## What you are asked to do
Begin at the line that has "- 4個セット タイヤエアキャップ 蓄光 エアバルブ 車 蛍光ブルー 青", stop after the line that has "Rijkbeschilderde houten preekstoel.", and print exactly those lines from the records below, without any pictures.

## Supplied material
━━━━━━
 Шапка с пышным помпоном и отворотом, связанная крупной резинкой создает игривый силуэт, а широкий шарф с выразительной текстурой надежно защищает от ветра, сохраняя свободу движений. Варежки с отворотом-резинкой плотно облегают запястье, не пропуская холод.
━━━━━━
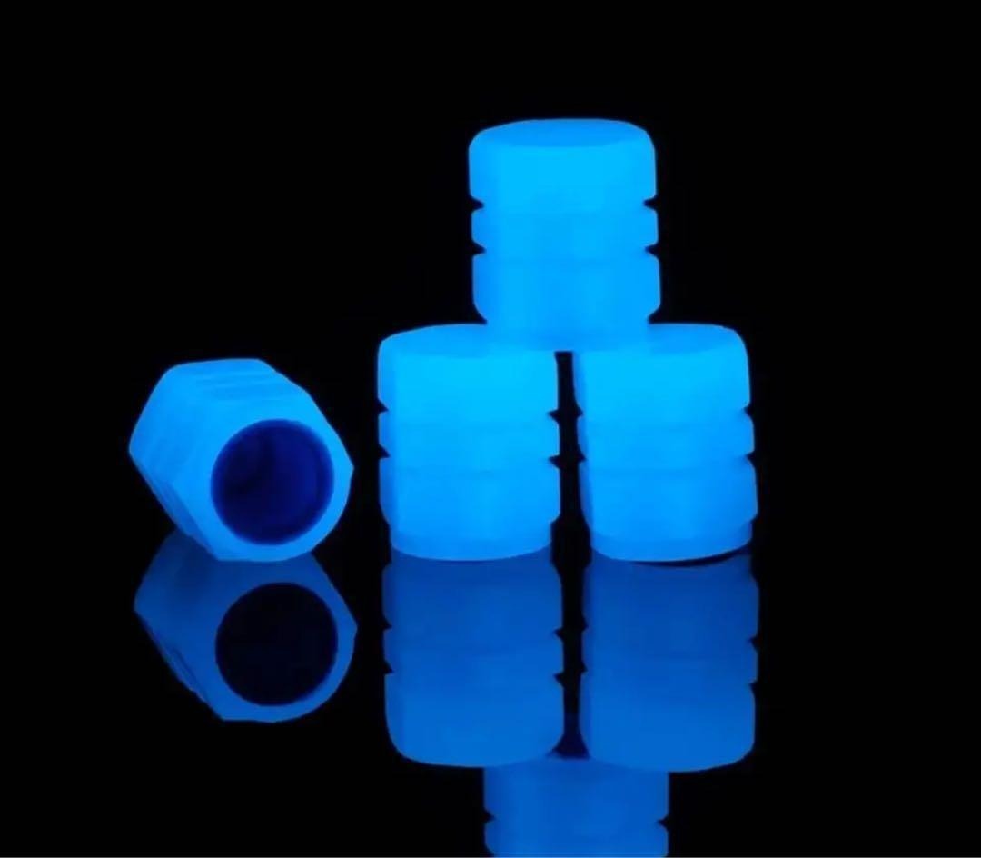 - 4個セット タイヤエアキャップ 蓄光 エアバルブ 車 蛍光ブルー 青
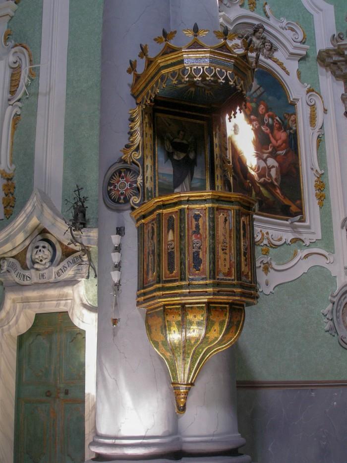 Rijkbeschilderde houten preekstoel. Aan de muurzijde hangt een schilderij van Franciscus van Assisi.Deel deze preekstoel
━━━━━━
## Written answer
 - 4個セット タイヤエアキャップ 蓄光 エアバルブ 車 蛍光ブルー 青
 Rijkbeschilderde houten preekstoel. Aan de muurzijde hangt een schilderij van Franciscus van Assisi.Deel deze preekstoel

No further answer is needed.